Within one group of special needs children I had the pleasure of coaching, lay a girl who was on the autistic spectrum. Trying to get her to participate was extremely difficult, she was quite clumsy and was extremely harsh on herself in regard her self-talk. Out of chance she ventured into goals for a game, bravely threw herself in the way of a number of goal bound efforts and essentially carried out the key role of a goal keeper successfully.

This three minute stint had a powerful effect. In the following sessions instead of trying to make excuses not to take part, she was in fact first there. In addition, she purchased herself a pair of goal keeper gloves. Why? Because she was having the associated feelings of success. This sense of competence was a stronger motivating factor than feedback or reinforcement I as a coach could ever give.

Moreover we as coaches have an integral role in developing competence, based upon on how we set up our coaching sessions. With children a key facet in this is the art of differentiation. Essentially setting up your coaching session in such a way that every child is achieving some form of success. This may be the same exercise with each child having a different target relevant to their ability levels. Yet when each child reaches their target this must be celebrated in equal measures.

When an individual/ team is low in confidence, one significant reason for this is a perceived lack of recent competence. e.g. a forward line struggling to get scores. A method to increase their competence could be within a coaching session to overload forwards against defenders in order to give them the opportunity to experience more success.

Autonomy  is where people feel control over their own behaviours.
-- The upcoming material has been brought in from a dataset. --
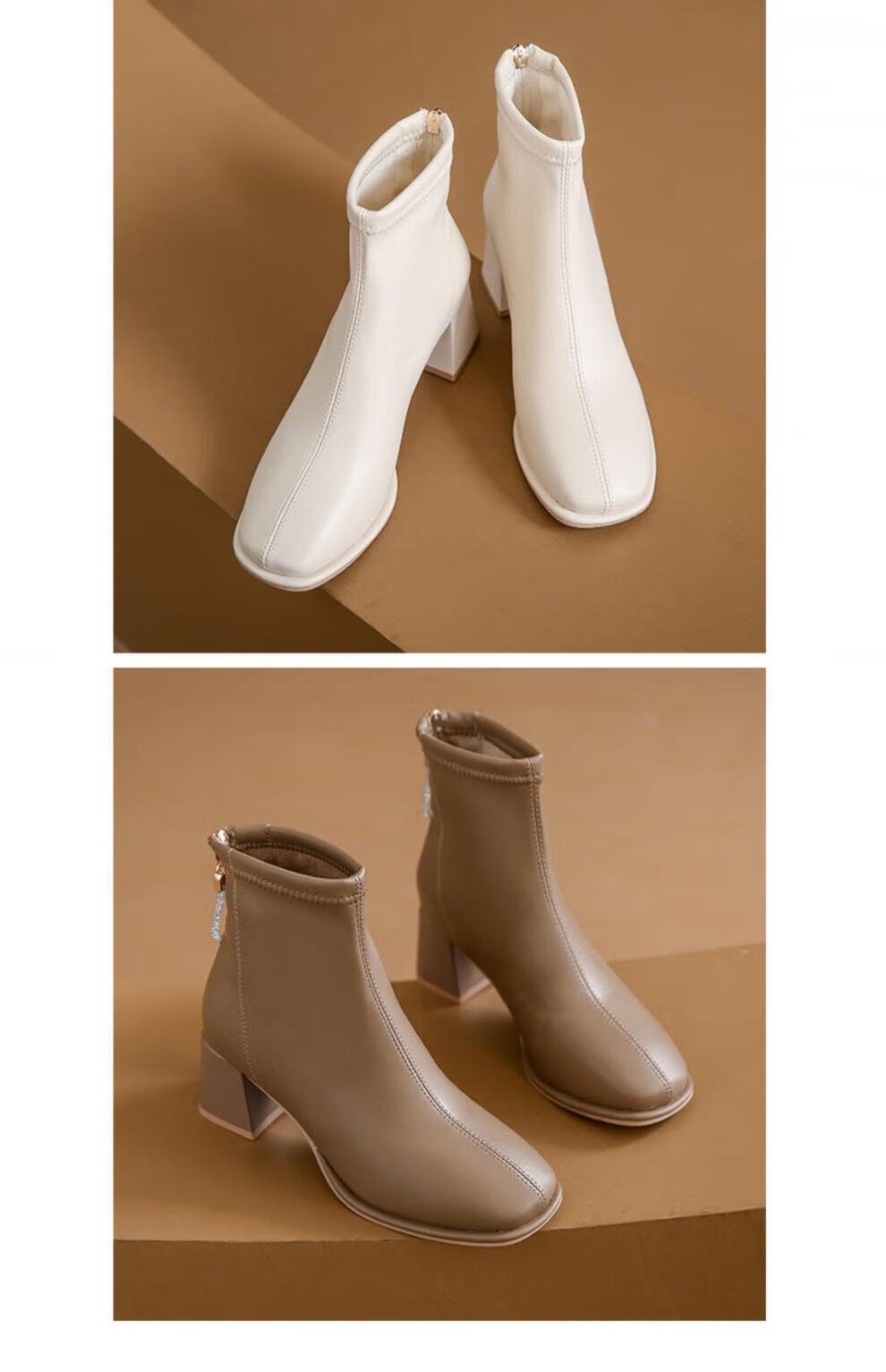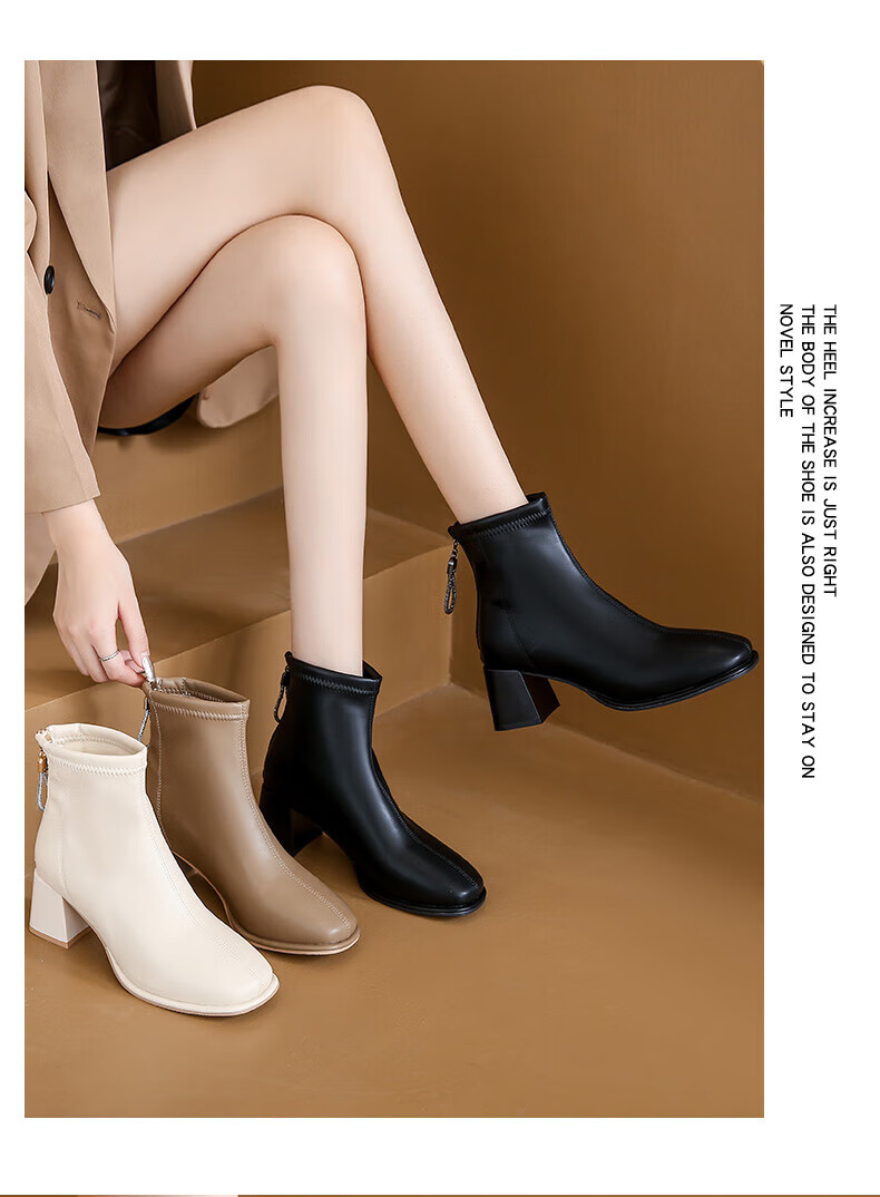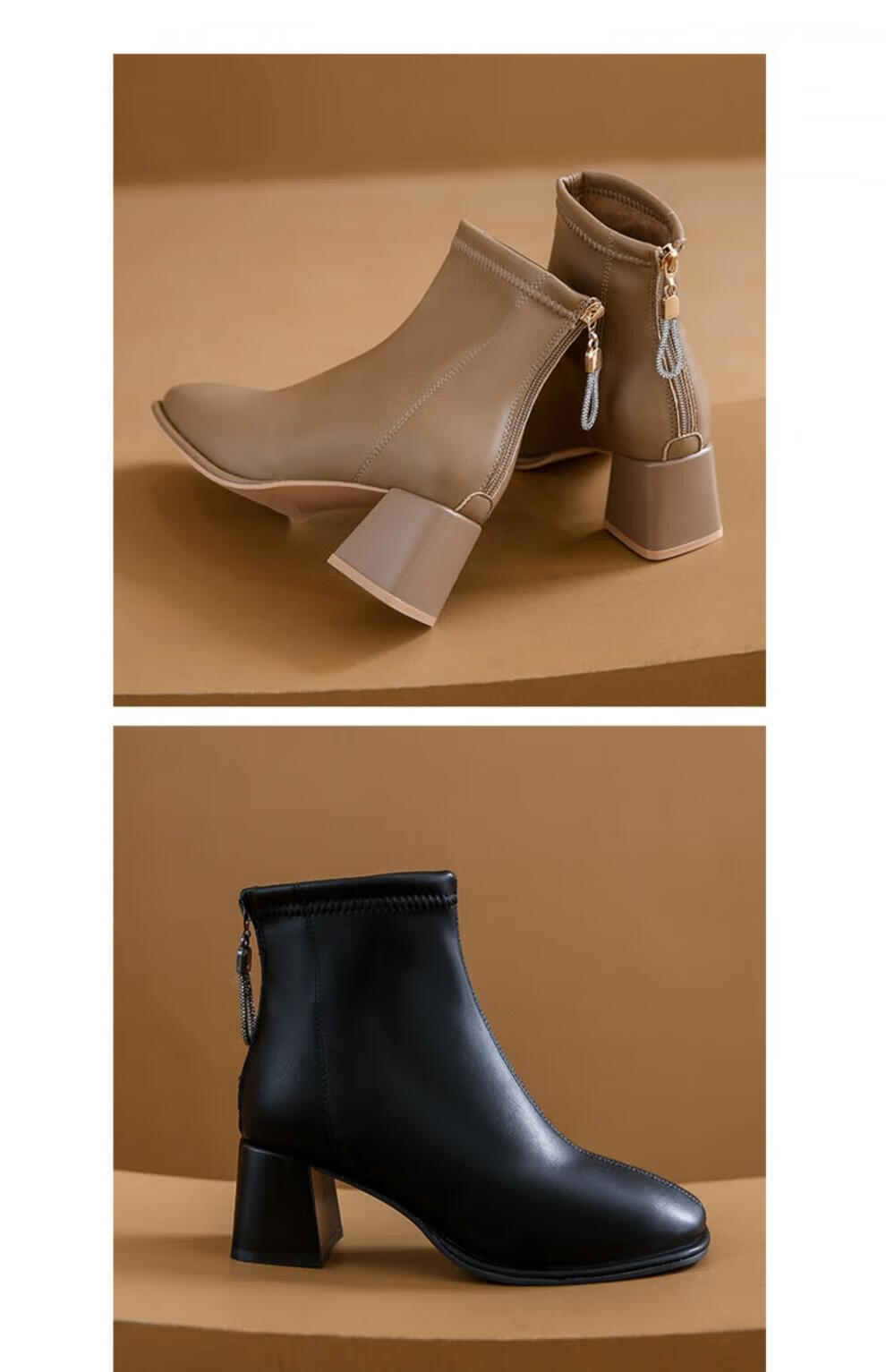 Senma (senma) French short boots and ankle boots for women Korean style 2025 new autumn and winter thick heel Martin boots square toe slim boots black (flat zipper) 40

The use of open-ended questions is a great way of instilling this: e.g. Why was it a good pass? Or what would be a better next time? Often as coaches we are so keen to correct mistakes that we are “commentating” and telling players what to do. By players having to work it out for themselves, they are gaining ownership over their game and a sense of control over their own behaviours. In addition, this is a key step in establishing “thinking players”

With adult teams especially at a high level where more resources are available, video analysis is a powerful way of instilling autonomy.I know of one County GAA senior football team using this to great effect. They give the players clips of themselves in action which they have to view and actually feedback to their team mates. They also give units of the team clips and they feed back on patterns of play and movement. Although this may have elements of risk, if managed properly is an extremely effective way of instilling autonomy and again “thinking players.”

Relatedness is where people feel a sense of belonging or attachment to what they are doing. The following clip shows the power of sport to instil a sense of relatedness in human beings they may not get in other aspects of their lives.

As a coach I try to increase a sense of relatedness in my players by talking to at least four or five different players each session and actively listening to what they say. This also helps build up a sense of trust and shows your players you care.

Having all your team kitted out in the same training gear, team wrist bands and team buzz words based on your team principles are further examples to help this process. Additionally, further examples may be involving all the players in pre game huddles and not just the starting team, or at half time bringing all players into the changing room as opposed to just the starting team. The last thing a coach wants is two separate teams within one team.

Therefore we can see what the three strands of the Self-Determination Theory are and how by utilising them as coaches we can have more intrinsically motivated players.